For plants that have been direct seeded into your garden, you may find that once the seedlings have begun to appear, you’ll need to thin them. This is especially true for root crops, as well as crops that have delicate root systems.
This part of the garden chores should be done as soon as the plants are large enough to pull out of the garden, and before they begin to show the effects of crowding in the garden.
When you’re deciding which plants to thin, you need to keep in mind not only keeping the most healthy plants, but also maintaining proper spacing. Failure to properly thin your garden will usually result in an inferior crop, or one that doesn’t produce to its potential.

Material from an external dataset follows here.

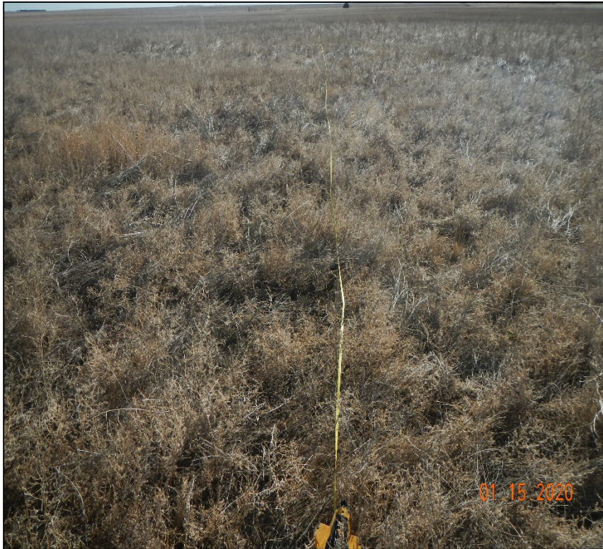
Photo 11. Facing southeast at the end of the transect at the disturbed location. Vegetation at the location is predominately weed cover consisting of Kochia and Russian thistle.
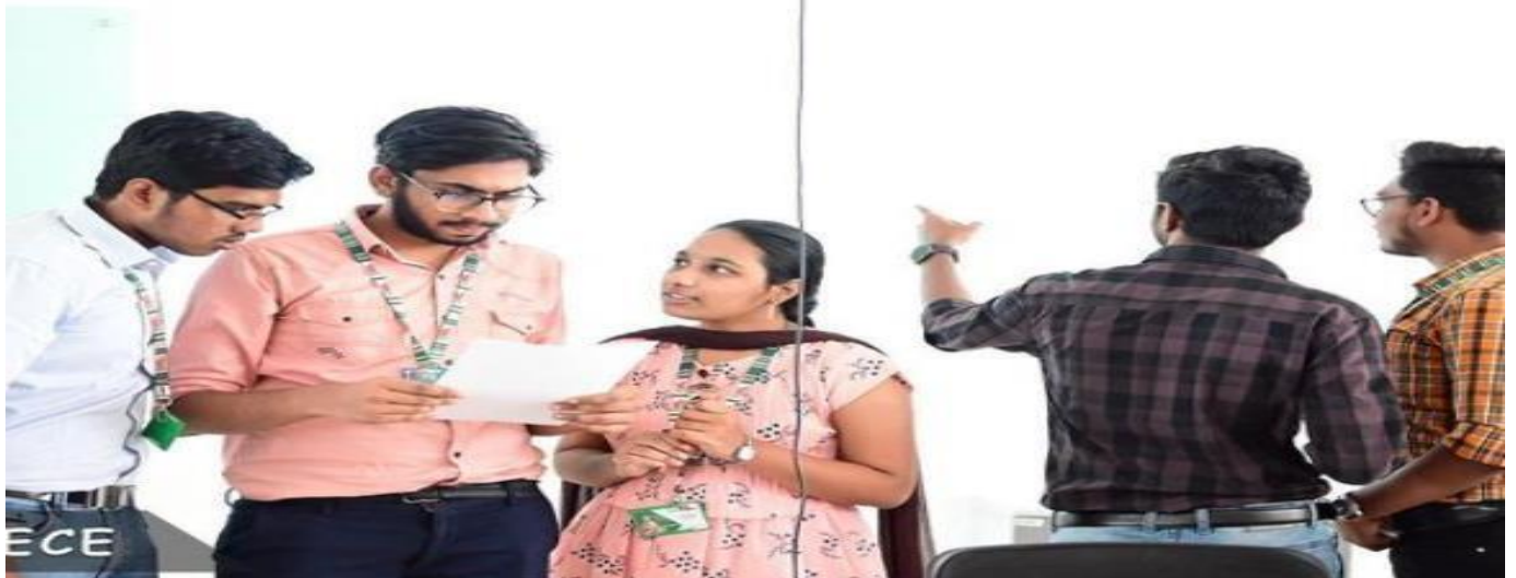
Students participating in the AWR Event

Some gardeners are reluctant to thin their plants, and often put it off until it’s too late. Thinnings of carrots, onions and other similar vegetables are often delayed, as the gardener hopes to use the thinnings, as opposed to simply tossing them on the compost heap. Unfortunately this is usually a bad idea. Overcrowded plants take longer to reach maturity, and as they get bigger, the removal of one plant is more likely to seriously disturb its neighbors.
A better solution is to thin in two stages. In the first, or preliminary, thinning, thin as early as possible, but leave the plants about twice as thick as you ultimately want them to grow. In second stage thinning, you can then pull out about every other plant as soon as they reach edible size.
This style of thinning is particularly suited to carrots, beets, lettuce and onions. Parsnips, salsify and other root crops should be thinned once, and to their full distance.
If you are afraid to pull plants to thin the crop, try using kitchen scissors or garden shears. Snip the tops of the plants to be sacrificed. The soil around the plants you want to keep will remain undisturbed, but by removing the leaf structure, you stop the growth of the unwanted plants.